Дорис Лессинг - Великие мечты
И Сильвия так и сказала, что, по ее мнению, платья слишком короткие. Так она пыталась самоутвердиться, и стоило ей это немалых усилий.
— Слишком короткие для чего? — фыркнула Роуз.
За весь вечер она ни разу не встретилась глазами с Фрэнсис. Можно было подумать, что утреннего кризиса вовсе не было. Джил, однако, пробормотала торопливой скороговоркой, в которой смешались вежливость и агрессия: «Спасибо, Фрэнсис, дико благодарна».
Эндрю сказал девочкам, что им чертовски повезло так легко отделаться, и Джеффри, закоренелый воришка, обвинил обеих в неосторожности, раз они попались.
— В подземке нельзя быть или не быть осторожным, — сказал Дэниел, который никогда не покупал билет в подражание своему идолу, Джеффри. — Все зависит от удачи. Тебя или поймают, или не поймают.
— Тогда не езди на подземке без билета, — отрезал Джеффри. — Особенно если у тебя уже два предупреждения. Это глупо.
Дэниел, получивший публичное порицание от Джеффри, вспыхнул и сказал, что он «годами» не платит за проезд и попался всего дважды.
— И что случится, когда тебя поймают в третий раз? — наставительно спросил Джеффри.
— Не повезет! — пропел нестройный хор сидящих за столом.
Это случилось в ту самую неделю, когда забеременела Джил.

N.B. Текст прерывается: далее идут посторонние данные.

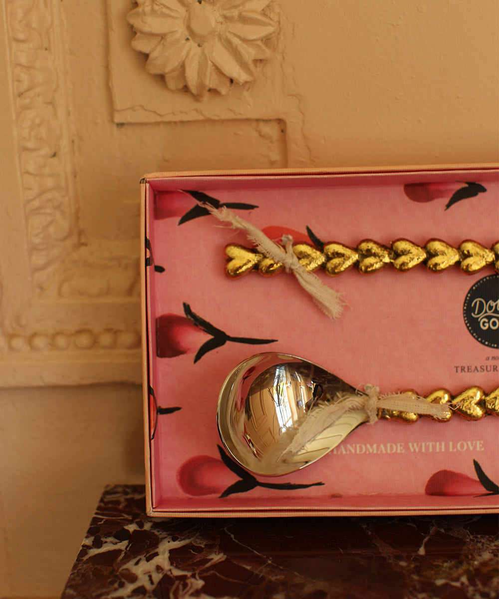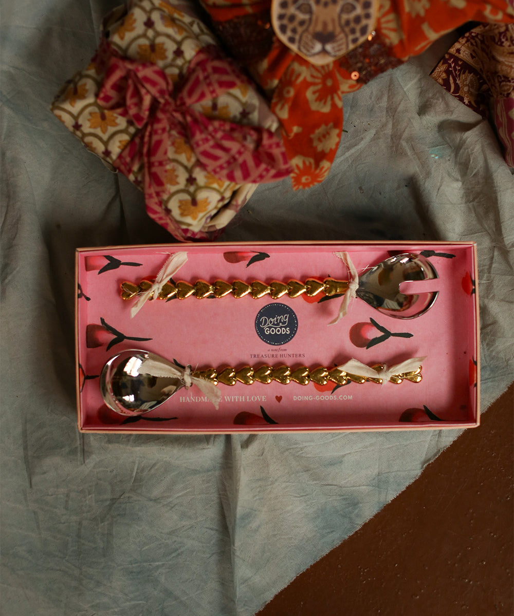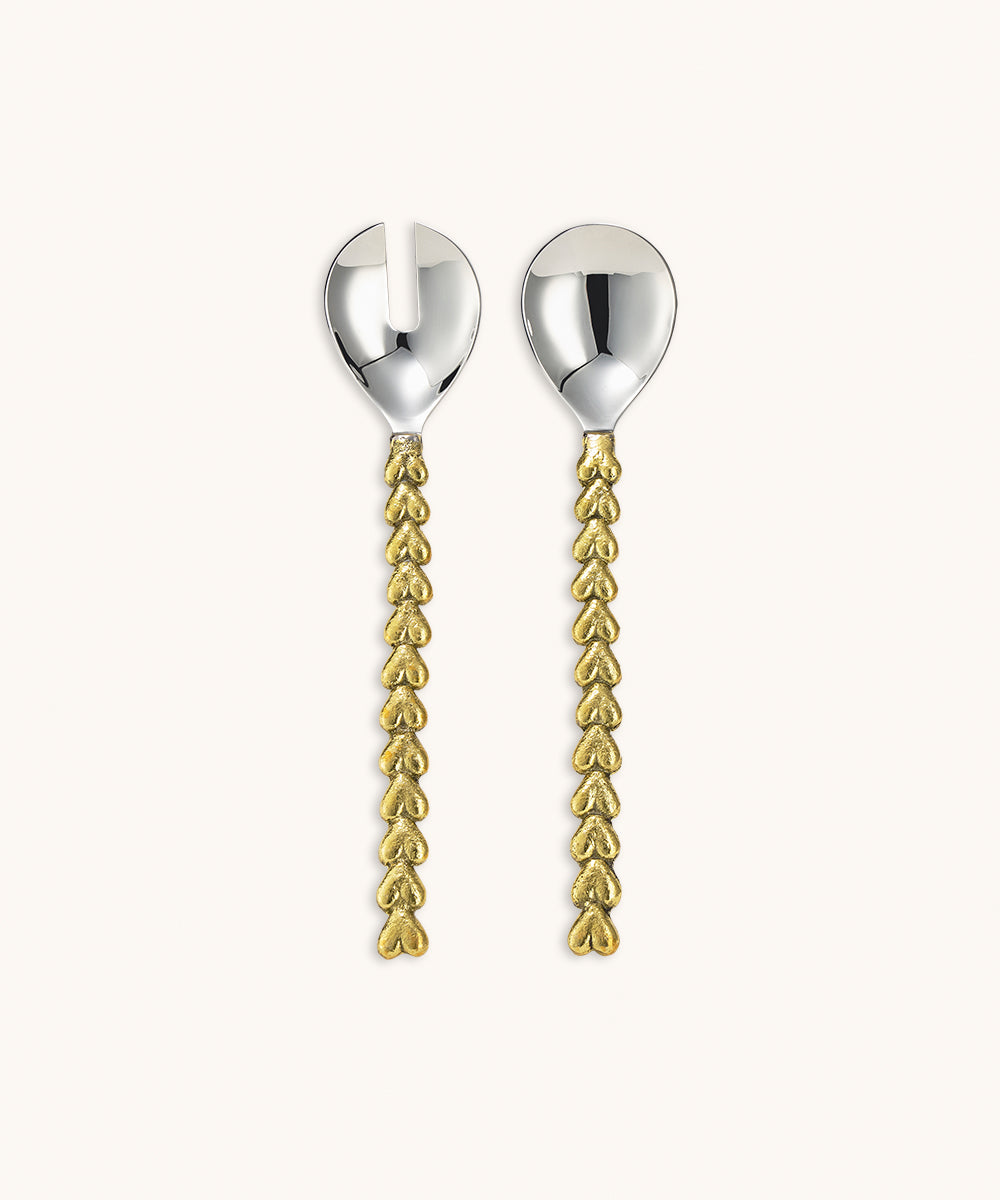Hjerte salatbestik fra Doing Goods er det perfekte valg til dem, der ønsker at gøre enhver salatpræsentation til en fest. Dette smukke sæt indeholder en salatske og en salatgaffel, begge med elegante håndtag dekoreret med en række delikate gyldne hjerter. Hver del er håndlavet af genanvendt messing og rustfrit stål af høj kvalitet, hvilket gør dem til ægte blikfang ved enhver lejlighed.

Вот какие драмы разыгрались на протяжении четырех месяцев, прошедших после Рождества, но сейчас, весенним вечером, все эти мальчики и девочки, действующие лица этих драм, сидели за кухонным столом, словно ничего и не случилось, и обсуждали планы на лето.
Джеффри заявил, что он поедет в Штаты и присоединится к борцам за расовое равенство «на баррикадах». Полезный опыт для человека, собирающегося изучать политику и экономику.

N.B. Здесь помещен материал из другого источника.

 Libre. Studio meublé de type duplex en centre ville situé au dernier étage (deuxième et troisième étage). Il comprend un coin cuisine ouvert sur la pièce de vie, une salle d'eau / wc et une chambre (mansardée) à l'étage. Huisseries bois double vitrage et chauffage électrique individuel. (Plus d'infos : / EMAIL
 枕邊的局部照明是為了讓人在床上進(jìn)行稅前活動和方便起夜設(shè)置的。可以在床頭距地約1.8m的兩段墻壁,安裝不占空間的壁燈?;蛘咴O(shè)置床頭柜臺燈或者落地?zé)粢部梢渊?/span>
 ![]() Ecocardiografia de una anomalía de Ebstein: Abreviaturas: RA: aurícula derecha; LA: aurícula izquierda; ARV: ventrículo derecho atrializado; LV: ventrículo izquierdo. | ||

Эндрю сказал, что он останется дома и будет читать.
— Только не читай «Бремя Ричарда Феверела», — предупредила Роуз. — Такая скукотища.
— Обязательно прочитаю, — ответил Эндрю.
Сильвия получила приглашение поехать с Джил в Эксетер («Там классно. Даже лошади есть»), но отказалась, сказав, что, как и Эндрю, останется в доме и посвятит лето чтению.
— Юлия говорит, что мне нужно больше читать. На самом деле я и раньше читала, брала книги у Джонни. Вы не поверите, но я тогда думала, что в книгах пишут только о политике.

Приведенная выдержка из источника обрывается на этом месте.